DATA PROVIDED:
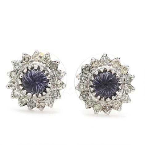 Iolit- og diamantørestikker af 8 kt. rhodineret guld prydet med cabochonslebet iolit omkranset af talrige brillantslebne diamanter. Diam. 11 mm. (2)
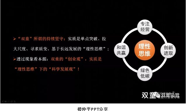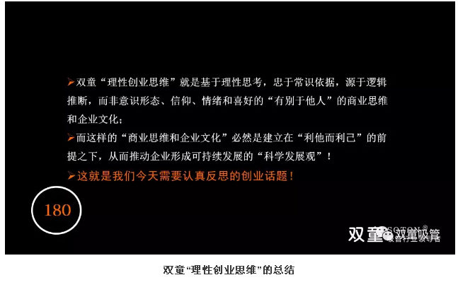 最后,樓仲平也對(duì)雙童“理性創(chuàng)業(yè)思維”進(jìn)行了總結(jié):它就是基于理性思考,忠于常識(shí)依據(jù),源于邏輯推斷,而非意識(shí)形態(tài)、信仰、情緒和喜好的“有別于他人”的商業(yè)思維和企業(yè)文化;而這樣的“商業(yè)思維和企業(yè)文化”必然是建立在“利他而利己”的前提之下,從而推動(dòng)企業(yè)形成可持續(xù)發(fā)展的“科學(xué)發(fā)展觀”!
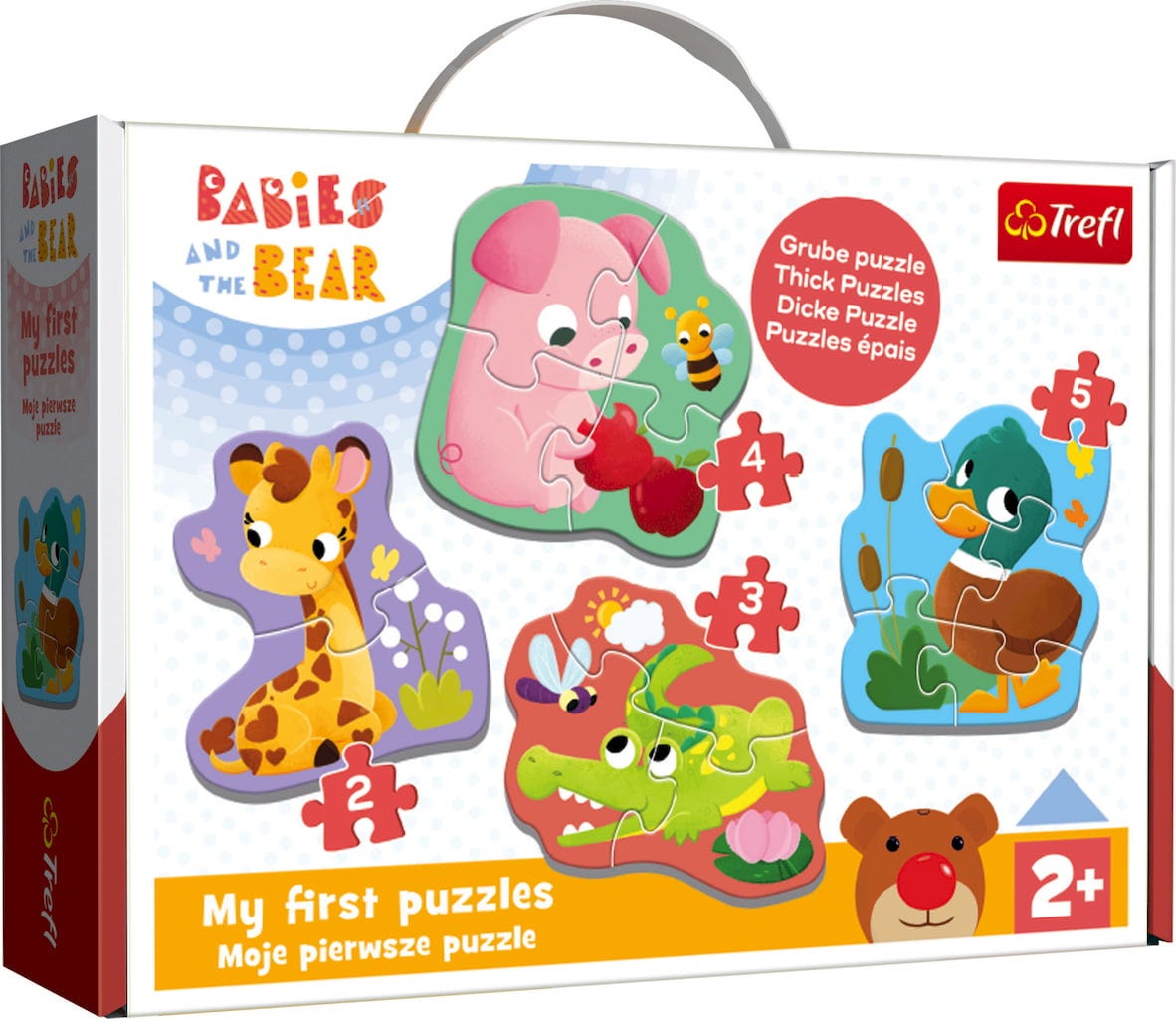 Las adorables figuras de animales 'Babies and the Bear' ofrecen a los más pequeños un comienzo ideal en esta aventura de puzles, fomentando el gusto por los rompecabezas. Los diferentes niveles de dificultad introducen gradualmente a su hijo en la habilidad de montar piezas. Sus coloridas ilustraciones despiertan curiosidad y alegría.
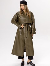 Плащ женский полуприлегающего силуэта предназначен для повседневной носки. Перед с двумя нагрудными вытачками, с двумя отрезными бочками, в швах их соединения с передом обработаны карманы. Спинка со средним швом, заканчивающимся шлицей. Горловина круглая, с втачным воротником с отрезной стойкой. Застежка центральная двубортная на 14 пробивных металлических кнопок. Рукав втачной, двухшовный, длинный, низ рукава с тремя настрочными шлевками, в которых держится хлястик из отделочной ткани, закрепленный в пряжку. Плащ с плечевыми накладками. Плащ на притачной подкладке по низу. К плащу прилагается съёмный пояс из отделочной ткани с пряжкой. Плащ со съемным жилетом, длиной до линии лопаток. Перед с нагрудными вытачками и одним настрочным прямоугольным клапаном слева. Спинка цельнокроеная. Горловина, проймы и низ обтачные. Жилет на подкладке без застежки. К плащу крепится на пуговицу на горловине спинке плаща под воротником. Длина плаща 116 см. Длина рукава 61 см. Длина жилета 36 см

PROBLEM STATEMENT: Only the lines from the first line of the listing above through the line with "Las adorables figuras" should be set down, exactly and without pictures.

OUTPUT BELOW:
 Iolit- og diamantørestikker af 8 kt. rhodineret guld prydet med cabochonslebet iolit omkranset af talrige brillantslebne diamanter. Diam. 11 mm. (2)
 最后,樓仲平也對(duì)雙童“理性創(chuàng)業(yè)思維”進(jìn)行了總結(jié):它就是基于理性思考,忠于常識(shí)依據(jù),源于邏輯推斷,而非意識(shí)形態(tài)、信仰、情緒和喜好的“有別于他人”的商業(yè)思維和企業(yè)文化;而這樣的“商業(yè)思維和企業(yè)文化”必然是建立在“利他而利己”的前提之下,從而推動(dòng)企業(yè)形成可持續(xù)發(fā)展的“科學(xué)發(fā)展觀”!
 Las adorables figuras de animales 'Babies and the Bear' ofrecen a los más pequeños un comienzo ideal en esta aventura de puzles, fomentando el gusto por los rompecabezas. Los diferentes niveles de dificultad introducen gradualmente a su hijo en la habilidad de montar piezas. Sus coloridas ilustraciones despiertan curiosidad y alegría.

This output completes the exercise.